- Operation Muharram: Part of Iran–Iraq War
| Date | 1–6 November 1982 |
| Location | Dehloran, Iran |
| Result | Iraqi defensive victory Iraq repulsed Iranian offensives in the direction of Al-Amarah; Iran captures Musiyan, Dehloran road, Abu Shirin and Bayat oil facilities; Iranian offensive had small gains; Iranian offensive failed to penetrate deep into Iraq; |

Belligerents
- Iran: Iraq

Casualties and losses
- 4,000 killed 70 tanks and 40 artillery pieces lost: 3,000 killed 3,500 captured

= Operation Muharram =

1982 Iran–Iraq War operation

Operation Muharram (Persian: عملیات محرم) was a series of four Iranian operations in Amara area which failed to penetrate deep into Iraq and only had small gains. It was conducted during the Iran–Iraq War by the command of Hasan Bagheri. Iraq managed to repulse Iranian offensives in the direction of Al-Amarah.

It was started on 1 November 1982 at 22:08 o'clock with the code of "La-Hawla wa La-Qowwatah Ela Bellah; Ya Zeinab-Kobra (S)". The goal of this operation was "liberation of Iran's occupied lands in the vicinity of frontier mountains of Jabal-al-Hamrain in the south of Dehloran and the region which was between Fakkeh till Dehloran city.

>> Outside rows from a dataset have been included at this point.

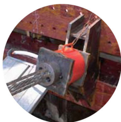
バックアンカー軸力計測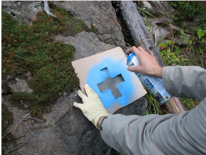
Marcarea treseelor turistice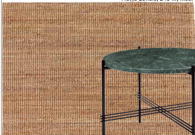
Matta Lohals, 249 kr, Ikea.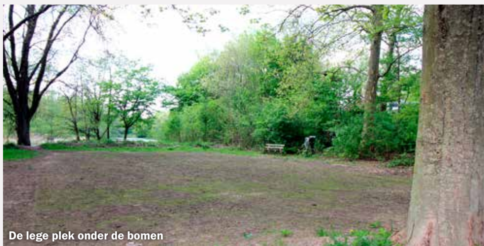
De lege plek onder de bomen

Het kleine voetbalveldje in de Staddijk naast trainingscentrum Michi is nu weggehaald. De metalen doeltjes kregen een nieuwe bestemming en zijn maandag 4 april overgebracht naar Lindenholt.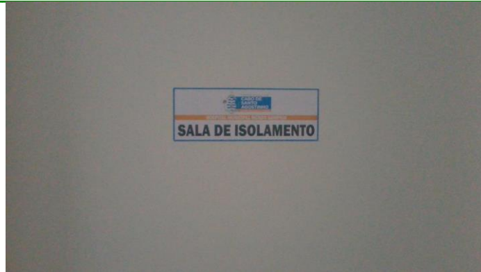
33.16. SALA ISOLAMENTO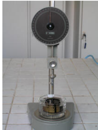
Estrazione di campioni dal manto stradale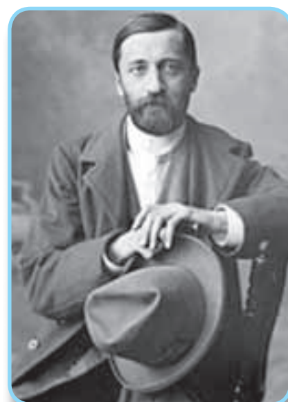
■ Дмитрий Сергеевич Мережковский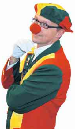
Als „Goldenes Herzträger 2025“ ist „Dä Tupples vum Land“ am Start.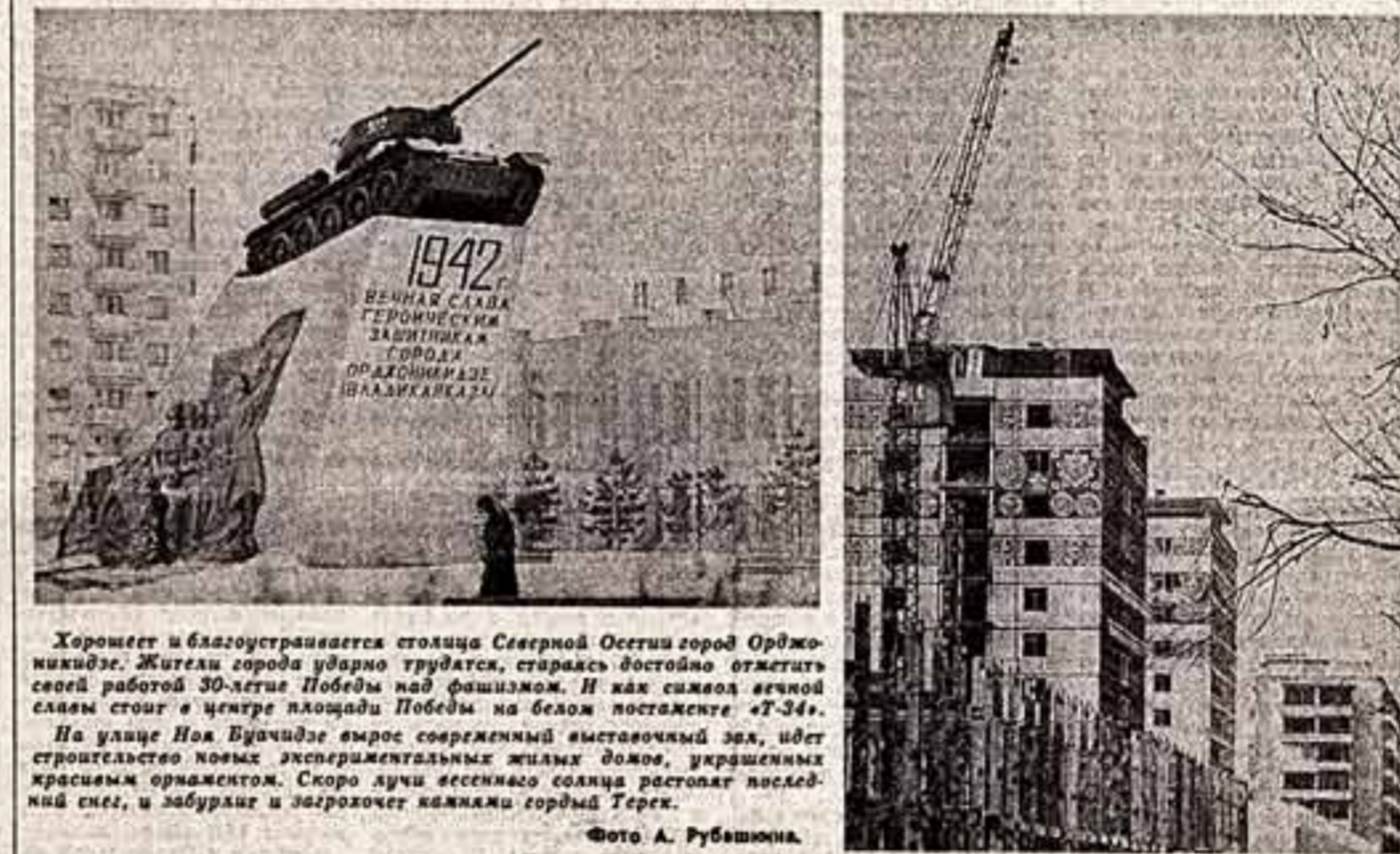
Хорошеет и благоустраивается столица Северной Осетии город Орджоникидзе. Жители города ударно трудятся, стараясь достойно отметить свой 30-летний юбилей Победы над фашизмом. И как символ вечной славы строя в центре площади Победы на белом постаменте «Т-34» на улице Нов Юностицы вырос современный выставочный зал, идет строительство новых экспериментальных жилых домов, украшенных яркими орнаментами. Скоро здесь будет соляная шахта, которая даст местным жителям и заборам и закроет каменья гордый Терек.

В связи с истечением очередного срока полномочий высших органов государственной власти союзных и автономных республик, а также местных Советов в стране развернулась подготовка к выборам в Верховные Советы союзных и автономных республик, в краевые и областные, городские и районные, сельские и поселковые Советы депутатов трудящихся. Начались формирование и уточнение избирательных округов, создание избирательных комиссий. Нет никакого сомнения в том, что миллионы советских людей в день выборов — 15 июня отдадут свой голос за кандидата веруемого блока коммунистов и беспартийных, за дальнейшее процветание нашего общественного и государственного строя, нашего социалистического Отечества.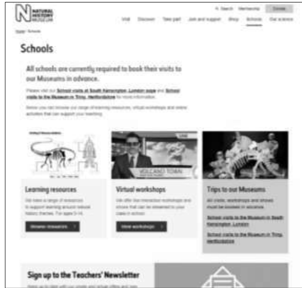
ඡායාරූපය 04 ලන්ඩනයේ ස්වභාවික විද්‍යා කෞතුකාගාරය ආශ්‍රිත ළමා අධ්‍යාපනික වැඩසටහන් ( https://www.nhm.ac.uk/ )

Operation Muharram is known as one of exterritorial operations of Iran, too; because, advance in the territory of Iraq was planned as well as liberation plan of Iran's occupied lands. Operational area of Muharram was limited from the east to Doyrej river, and from the west to the frontier highlands of Jabal-al-Hamrain and Jabal-al-Fuqi. The operation was regarded as the continuation of Operation Fath ol-Mobin that could complete its goals by winning in that.

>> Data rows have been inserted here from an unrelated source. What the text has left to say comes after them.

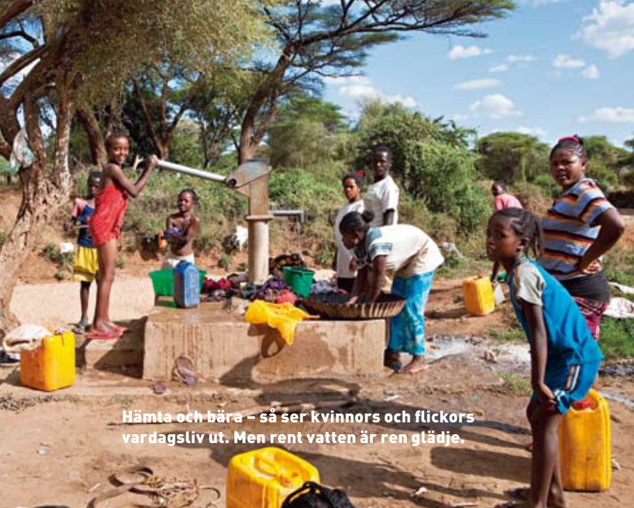
Hämta och bära – så ser kvinnors och flickors vardagsliv ut. Men rent vatten är ren glädje.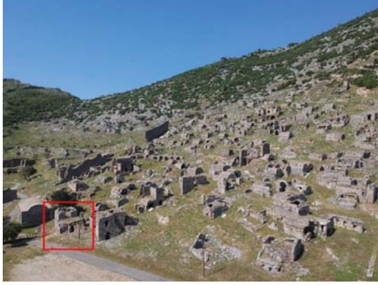
Levha 1: Anemurium Nekropolü Genel Görünümü ve A I 6 Nolu Mezarın Konumu.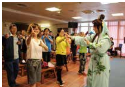
比手劃腳唱歌仔單元，學員熱情參與，學習興趣十分濃厚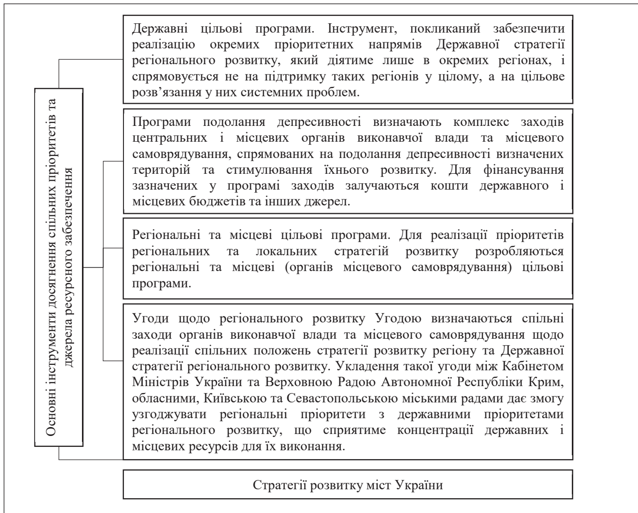
Рис. 2. Основні інструменти досягнення спільних пріоритетів та джерела ресурсного забезпечення (розроблено на основі [2])

– Пріоритетний розвиток галузей споживчого і забезпечуючого призначення, на основі існуючого та новостворюваного промислового потенціалу ВЕС регіону. Переорієнтація виробництва ВЕС на вирішення першочергових проблем забезпечення продуктами харчуванням,

Iranian newspapers claimed that at the end of Operation Muharram, Iran succeeded to free the highlands 400/298, Bayat oil territory, Anbar river, Chamsari police station, Musian and other returns, among freeing 550 kilometers of Iran's lands, capturing 2,350 Iraqis, and 6000 Iraqis were killed/injured; plus other casualties to Iraqi Army.